Wood, Ernest Mounteney (1909–91), barrister, was born in Dublin on 12 July 1909, third of three sons of Albert Ernest Wood (1874–1941) KC, and his wife Edyth (née Gillespie). His elder brother Wilfred, also a barrister, died tragically young in 1932. Albert Wood was a highly successful long-serving member of the Irish bar. In an age when elaborate oratory and a touch of the dramatic were a larger part of the armoury of an advocate in Ireland than was usual later on, Albert was renowned as a dramatic and picturesque counsel who had a powerful and persuasive effect on the mind of the average juryman and who enjoyed a successful career as well as the respect and affection of his colleagues.

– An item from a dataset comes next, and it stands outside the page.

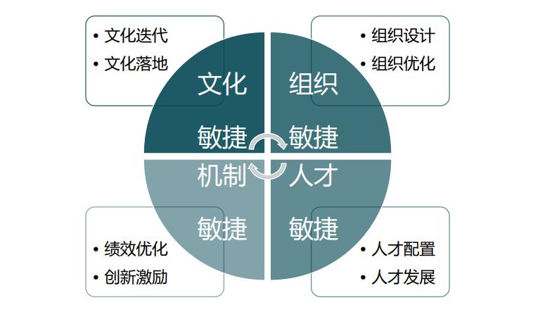人的主观能动性被充分激发后能极大的降低管理和用人成本,由此可见文化的重要性,不同与传统的讲道理及形式主义,文化敏捷指的是企业依据业务转型和发展中需要统一的思想,提炼核心观点形成企业的主旋律,采用即轻且快的方式传递给员工,让大家迅速理解且乐于接受,更为高效的激发员工使命感。

Ernest was educated at Aravon School in Bray, Durham College, TCD, and King's Inns. He graduated BA and LLB, winning the John Brooke scholarship, and was president of the Dublin University Philosophical Society (1932–3). Called to the bar in 1932, he commenced practice in Dublin that year. He took silk in 1947, was elected a bencher of King's Inns in 1959, and finally retired from the bar in 1986. His career at the bar spanned 54 years and almost exclusively consisted of court work of various kinds. He was a redoubtable and successful defender of those charged with criminal offences and his services in such cases were available for nominal or derisory fees, long before the days of legal aid assistance. The effect he had on juries in civil cases was remarkable, appearing on occasions first to shock them with an outlandish assertion, then to entertain them with shafts of real wit, and finally capturing them. At the peak of his career it was generally accepted that defendants threatened with defamation actions in the high court frequently sought to retain his services for the sole purpose of avoiding his appearing against them. It was possible to recognise in his court manner traces of the rotundity and flourish which legend associated with his father Albert, but cleverly adjusted to the more prosaic style of modern court procedures.
He was a fiercely independent barrister, at times to the damage of his career, but the interests of his client were the absolute priority, especially if, as frequently happened, a client was the odd-man-out, the small man or the anti-establishment figure. There were elements in his own personality of an anti-establishment nature. He studiously avoided such formal occasions as judges’ dinners but was always duly respectful to the bench in court. However, in his conversation with colleagues outside the courtroom, there could be hilarious traces of some belief in the ancient proposition that the natural enemy of a barrister is a judge. An excellent colleague, always helpful, wise and loyal, he was particularly careful to ensure that a younger or less experienced barrister on the team got due prominence and his solid support. He was a good companion, lightening the burden of many a day's work by shafts of irreverent wit. An excellent storyteller, he was, equally important, a good listener. Though affable and accessible, he was in some ways an entirely private man. He had a great love for and understanding of the countryside and spent much of his limited spare time in it. His hatred of cruelty to animals equalled his hatred of pomposity.
He married Amy Kerslake in 1938 and they had two sons, Christopher, a business consultant, and John, a solicitor. He died 25 April 1991 in Douglas, Isle of Man.